* [EXERCISE REQUIREMENTS]: Write out the opening lines of the data word for word, up to and including the line with "秘书之家—全网资源每日更新 www.mishuzj.com做民建星河里的一缕微光在民建机关二支部 2025", and leave every picture and every later line out.
+ + + +
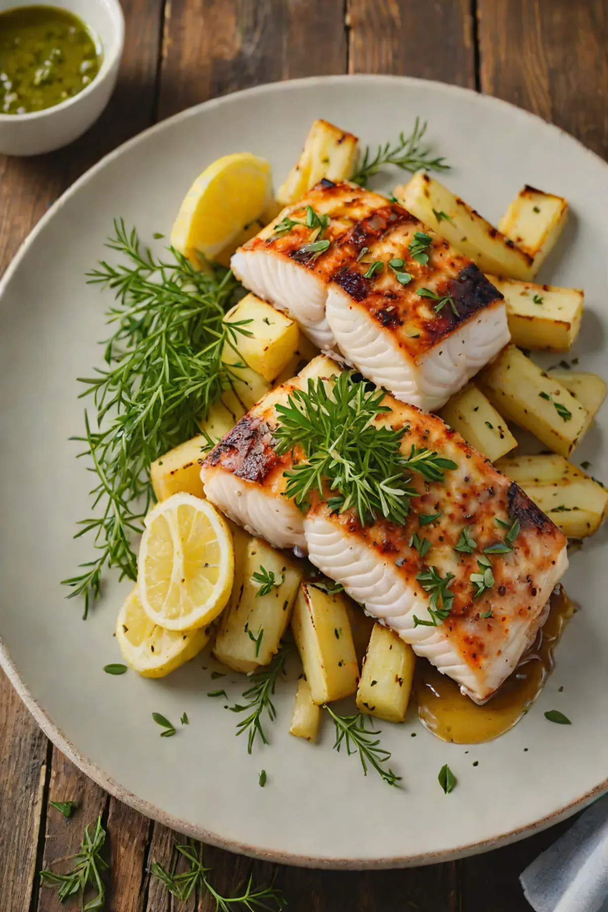 Grilled Cod with Roasted Parsnip and Herb Butter
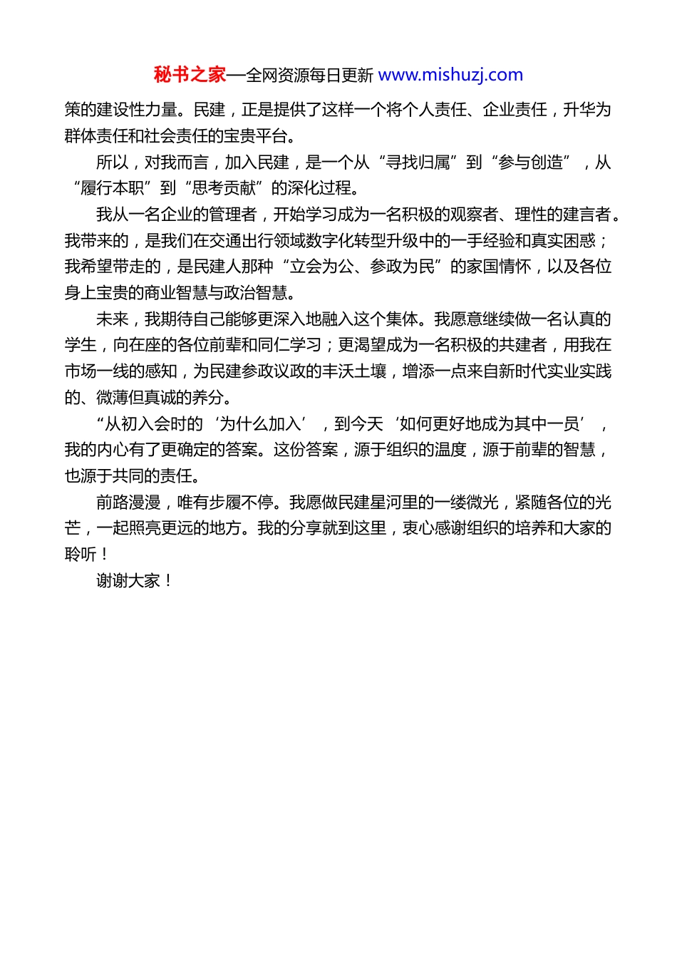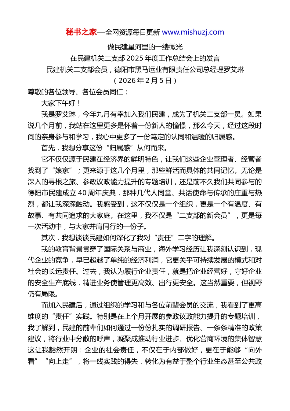 秘书之家—全网资源每日更新 www.mishuzj.com做民建星河里的一缕微光在民建机关二支部 2025 年度工作总结会上的发言民建机关二支部会员,德阳市黑马运业有限责任公司总经理罗艾琳(2026 年 2 月 5 日)尊敬的各位领导、各位会员同仁:大家下午好!我是罗艾琳,今年九月有幸加入我们民建,成为了机关二支部一员。如果说几个月前,我站在这里更多是怀着一份新人的憧憬,那么今天,经过这段时间的亲身参与和学习,我心中更多了一份笃定的认同和温暖的归属感。首先,我想分享这份“归属感”从何而来。它不仅仅源于民建在经济界的鲜明特色,让我们这些企业管理者、经营者找到了“娘家”;更来源于这几个月里,那些鲜活而具体的共同记忆。无论是深入的寻根之旅、参政议政能力提升的专题培训,还是前不久我们共同参与的德阳市民建成立 40 周年庆典,那种几代人同堂、共话使命与传承的庄重与热烈,都让我深深触动。我感受到,这不仅仅是一个组织,更是一个有温度、有故事、有共同追求的大家庭。在这里,我不仅是“二支部的新会员”,更是每一次活动中,与大家并肩同行的一份子。其次,我想谈谈民建如何深化了我对“责任”二字的理解。我的教育背景贯穿了国际关系与商业,海外学习经历让我深刻认识到,现代企业的竞争,早已超越了单纯的经济利润,它更关乎可持续发展的模式和对社会的长远责任。过去,我认为履行企业责任,就是把企业经营好,守好企业的安全生产底线,精进业务使管理更高效、出行更安全。这当然重要,但视野仍有局限。而加入民建后,通过组织的学习和与各位前辈会员的交流,我看到了更高维度的“责任”实践。特别是在上个月开展的参政议政能力提升的专题培训,我了解到,民建的前辈们如何通过一份份扎实的调研报告、一条条精准的政策建议,将行业中分散的呼声,凝聚成推动行业进步、优化营商环境的集体智慧这让我豁然开朗:企业的社会责任,不仅在于内部做好,更在于能够“向外看”“向上走”,将一线实践的得失,转化为有益于整个行业生态甚至公共政秘书之家—全网资源每日更新 www.mishuzj.com策的建设性力量。民建,正是提供了这样一个将个人责任、企业责任,升华为群体责任和社会责任的宝贵平台。所以,对我而言,加入民建,是一个从“寻找归属”到“参与创造”,从“履行本职”到“思考贡献”的深化过程。我从一名企业的管理者,开始学习成为一名积极的观察者、理性的建言者。我带来的,是我们在交通出行领域数字化转型升级中的一手经验和真实困惑;我希望带走的,是民建人那种“立会为公、参政为民”的家国情怀,以及各位身上宝贵的商业智慧与政治智慧。未来,我期待自己能够更深入地融入这个集体。我愿意继续做一名认真的学生,向在座的各位前辈和同仁学习;更渴望成为一名积极的共建者,用我在市场一线的感知,为民建参政议政的丰沃土壤,增添一点来自新时代实业实践的、微薄但真诚的养分。“从初入会时的‘为什么加入’,到今天‘如何更好地成为其中一员’,我的内心有了更确定的答案。这份答案,源于组织的温度,源于前辈的智慧,也源于共同的责任。前路漫漫,唯有步履不停。我愿做民建星河里的一缕微光,紧随各位的光芒,一起照亮更远的地方。我的分享就到这里,衷心感谢组织的培养和大家的聆听!谢谢大家!
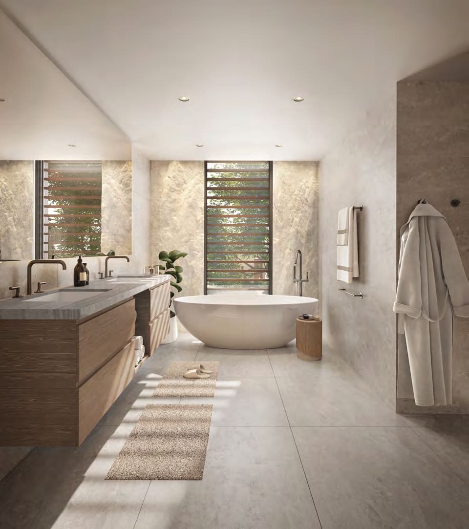 Light finish and dark finish are proposed. A laminate finish offers a sleek and durable surface. Ceramic finishes for sanitaryware offer a classic and timeless appearance. They are known for their durability, easy maintenance, and ability to withstand moisture, making them ideal for bathroom fixtures like sinks. Porcelain tile flooring is renowned for its strength, durability, and versatility. Porcelain tiles are resistant to moisture, stains, and scratches, making them an excellent choice for high-traffic areas like kitchens and bathrooms.
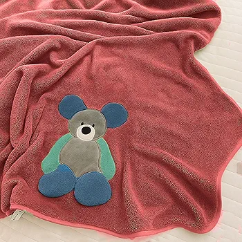 Microfiber Kids Bath Towels-Quick Drying Towels for Unisex Kids-Teddy Bear Print Baby Towel for Boys and Girls-70 x 140 Cms (Pack of 1,Red)
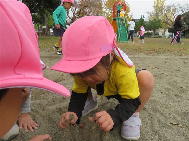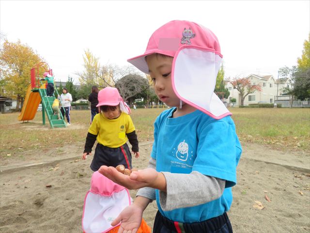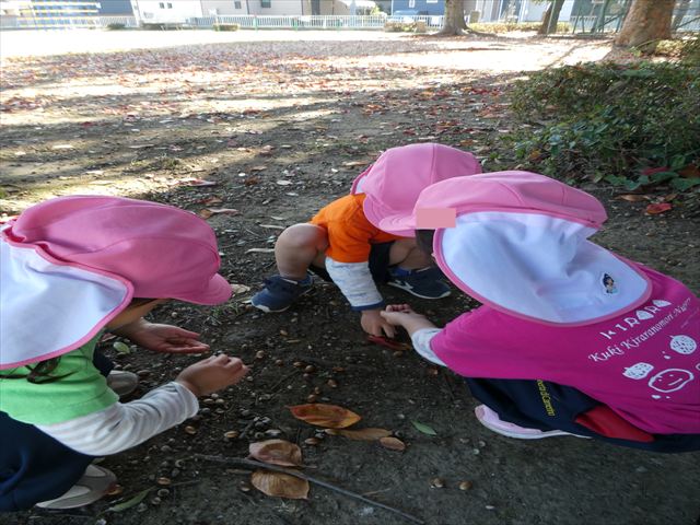 どんぐりを集めたり、落ち葉を拾ったりして秋の自然に触れ、楽しんでいました!
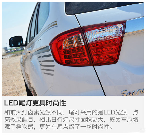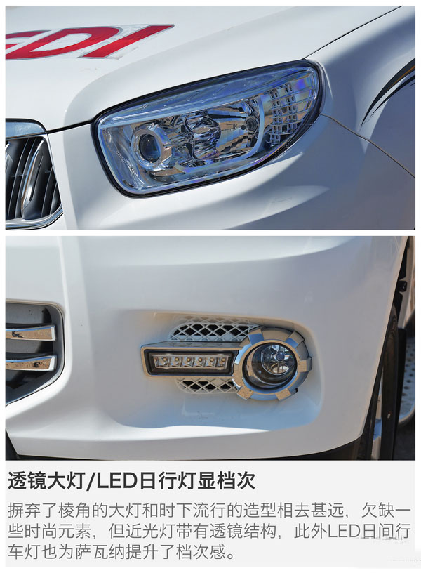 摒棄了棱角的大燈和時下流行的柳葉型、開眼角、獠牙造型相去甚遠,欠缺一些時尚元素,但近光燈帶有透鏡結構,為薩瓦納提升了檔次感。LED尾燈在外觀中最能展現時尚氣息的地方,整體造型和前大燈相呼應,盡顯低調之感。外后視鏡集成了轉向燈,造型上沒有太多亮點,表現中規中矩。
+ + + +
* [OUTPUT FOR THIS TASK]:
 Grilled Cod with Roasted Parsnip and Herb Butter
 秘书之家—全网资源每日更新 www.mishuzj.com做民建星河里的一缕微光在民建机关二支部 2025 年度工作总结会上的发言民建机关二支部会员,德阳市黑马运业有限责任公司总经理罗艾琳(2026 年 2 月 5 日)尊敬的各位领导、各位会员同仁:大家下午好!我是罗艾琳,今年九月有幸加入我们民建,成为了机关二支部一员。如果说几个月前,我站在这里更多是怀着一份新人的憧憬,那么今天,经过这段时间的亲身参与和学习,我心中更多了一份笃定的认同和温暖的归属感。首先,我想分享这份“归属感”从何而来。它不仅仅源于民建在经济界的鲜明特色,让我们这些企业管理者、经营者找到了“娘家”;更来源于这几个月里,那些鲜活而具体的共同记忆。无论是深入的寻根之旅、参政议政能力提升的专题培训,还是前不久我们共同参与的德阳市民建成立 40 周年庆典,那种几代人同堂、共话使命与传承的庄重与热烈,都让我深深触动。我感受到,这不仅仅是一个组织,更是一个有温度、有故事、有共同追求的大家庭。在这里,我不仅是“二支部的新会员”,更是每一次活动中,与大家并肩同行的一份子。其次,我想谈谈民建如何深化了我对“责任”二字的理解。我的教育背景贯穿了国际关系与商业,海外学习经历让我深刻认识到,现代企业的竞争,早已超越了单纯的经济利润,它更关乎可持续发展的模式和对社会的长远责任。过去,我认为履行企业责任,就是把企业经营好,守好企业的安全生产底线,精进业务使管理更高效、出行更安全。这当然重要,但视野仍有局限。而加入民建后,通过组织的学习和与各位前辈会员的交流,我看到了更高维度的“责任”实践。特别是在上个月开展的参政议政能力提升的专题培训,我了解到,民建的前辈们如何通过一份份扎实的调研报告、一条条精准的政策建议,将行业中分散的呼声,凝聚成推动行业进步、优化营商环境的集体智慧这让我豁然开朗:企业的社会责任,不仅在于内部做好,更在于能够“向外看”“向上走”,将一线实践的得失,转化为有益于整个行业生态甚至公共政秘书之家—全网资源每日更新 www.mishuzj.com策的建设性力量。民建,正是提供了这样一个将个人责任、企业责任,升华为群体责任和社会责任的宝贵平台。所以,对我而言,加入民建,是一个从“寻找归属”到“参与创造”,从“履行本职”到“思考贡献”的深化过程。我从一名企业的管理者,开始学习成为一名积极的观察者、理性的建言者。我带来的,是我们在交通出行领域数字化转型升级中的一手经验和真实困惑;我希望带走的,是民建人那种“立会为公、参政为民”的家国情怀,以及各位身上宝贵的商业智慧与政治智慧。未来,我期待自己能够更深入地融入这个集体。我愿意继续做一名认真的学生,向在座的各位前辈和同仁学习;更渴望成为一名积极的共建者,用我在市场一线的感知,为民建参政议政的丰沃土壤,增添一点来自新时代实业实践的、微薄但真诚的养分。“从初入会时的‘为什么加入’,到今天‘如何更好地成为其中一员’,我的内心有了更确定的答案。这份答案,源于组织的温度,源于前辈的智慧,也源于共同的责任。前路漫漫,唯有步履不停。我愿做民建星河里的一缕微光,紧随各位的光芒,一起照亮更远的地方。我的分享就到这里,衷心感谢组织的培养和大家的聆听!谢谢大家!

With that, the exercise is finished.